As such, I was wondering if there is a general set of criteria that determines whether or not some mirror will form an image for any object distance. It seems like a pretty important problem, and I haven't been able to find any discussion of it anywhere (then again, I'm not great at googling so I might have just missed it).

Answer 1

There is a caveat for the formation of images (virtual and real). I think you were talking about rigorous stigmatism, ie exact intersection of the light rays. With this definition, if you want every point to have an image, the only possibility is the plane mirror. If you want rigorous stigmatism between two points, the mirror will be a conic section (from the bifocal definition), and if it’s not a plane, they will be the only two conjugate points.

You’ll need to loosen the definition to approximate stigmatism, for any hope to work in general. It is this notion you will need for the parabolic mirror for example (which is why you were having a hard time proving it I imagine).

In general, if you look at the light rays emanating from a point which are reflected by an arbitrary mirror, you’ll observe caustics, the envelope of the rays. These caustics can have a cusp which corresponds to an image in the context of approximate stigmatism. This is how you can have multiple images.

The existence of images thus becomes the study of singularities of ray systems. The general study involves some serious maths (symplectic geometry etc) check out the relavant appendix in Arnold’s Mathematical Method to Classical Mechanics.

If you want to explicitly compute things, you'll need to assume better regularity. I'll assume your mirror to be smoother, at least $\mathcal C^2$ to define an osculating circle at every point. Locally approximating the mirror by the osculating circle, you'll have a cusp whenever the tangent plane of the mirror is perpendicular to the incident ray. Furthermore, the cusp will be on the line corresponding to the coinciding incident and reflected ray. The position along this line is given by the thin lens formula with the focal given by $$ f = r/2 $$ with $r$ the local curvature radius, and the sign depending on whether the mirror is locally convex or concave. If it's concave, you'll have a real image, and if it's convex you'll have a virtual image.

If you want to experiment around, you can use Geogebra (or any similar software) to plot out the envelope and test out the ideas.

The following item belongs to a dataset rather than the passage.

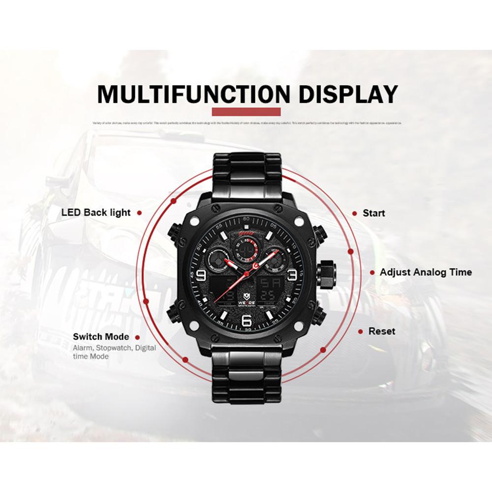 WEIDE WH6105 is a dual display quartz digital men watch for big-dial lover with tachymeter engraved on the case and the function of stopwatch and week. Features: - Six attractive versions for option. - Flashing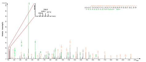 在質譜圖中,任何一種iTRAQ試劑標記的不同樣本中的同一蛋白質表現(xiàn)為相同的質荷比。在串聯(lián)質譜中,報告基團、質量平衡基團和多肽反應基團之間的鍵斷裂,質量平衡基團丟失,帶不同同位素標簽的同一多肽產生質量為114,115,116和117Da(八標為113、114、115、116、117、118、119和121 Da)的報告離子(Fig.3中紅色標記),根據報告離子的豐度可獲得樣品間相同肽段的定量信息,再經過軟件處理得到蛋白質的定量信息。

Hope this helps and tell me if you need more details.

Answer 2

To form an image it is not necessary for all rays coming from a source to meet in one place. Even in the case of spherical mirrors the position of the image of a point source of light depends on where the eye is. All the places where the image can bee seen form a curve called caustics. In the picture below each eye looking at a convex mirror has its own image of the point. When we look with two eyes (stereoscopic view) our perception is very complicated.